4. Materials and Methods
4.1. Animals and Experimental Design
Animal Use Protocol (IACUC-105014) was approved by the Kaohsiung Medical University-Institutional Animal Care and Use Committee at 22 March 2016. Male mice (aged 8~10 weeks) were purchased from National Laboratory Animal Center (Taiwan). The mice were housed in an Association for Assessment and Accreditation of Laboratory Animal Care International (AAALAC)-accredited facility of Kaohsiung Medical University, which the room temperature was (21 + 2) °C, the humidity was 55~70% in a 12:12 h dark/light cycle After 2 weeks of adaptation, the mice were immunized with MOG and randomly divided into 3 groups: vehicle (n = 3), semi-therapeutic group (n = 3), prophylactic treatment (n = 4). Three batches of independent experiments were performed and the results were collected for statistical analysis.

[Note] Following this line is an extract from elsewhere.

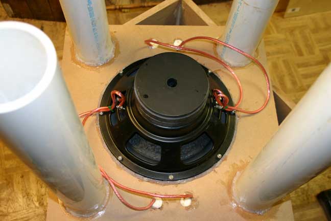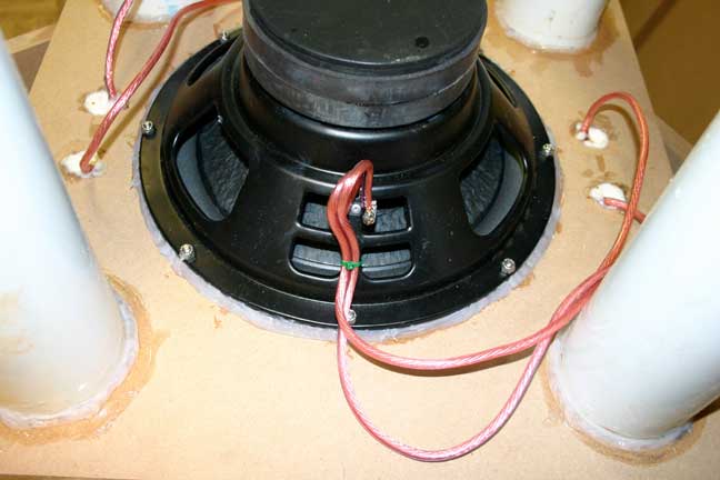Mounting of driver. Drive was mounted from the rear, and was caulked and through-bolted using stainless hardware and nylock nuts. Cable is Monster Cable knock-off from Parts Express. Connections are all soldered.

Dulaglutide (Eli Lilly and Company, Indianapolis, IN, USA) were administrated at the dosage of 0.18 mg/kg by subcutaneous (s.c.) injection. For prophylactic treatment, mice were administrated with dulaglutide after MOG immunization twice per week from day 0 for a total of two weeks. For semi-therapeutic treatment, dulaglutide were administered twice per week from day 9 after MOG immunization for a total of three weeks. For determining the effect of dulaglutide on EAE pathogenic process, the mice were followed up for 4 weeks from MOG-immunization to determine the EAE disease incidence, day of onset, maximal clinical scores, and duration with the maximal clinical score. For immune cell subset analysis, three groups of mice were all sacrificed at day 14 from MOG-immunization, and the brain and spinal cord were harvested for further analysis.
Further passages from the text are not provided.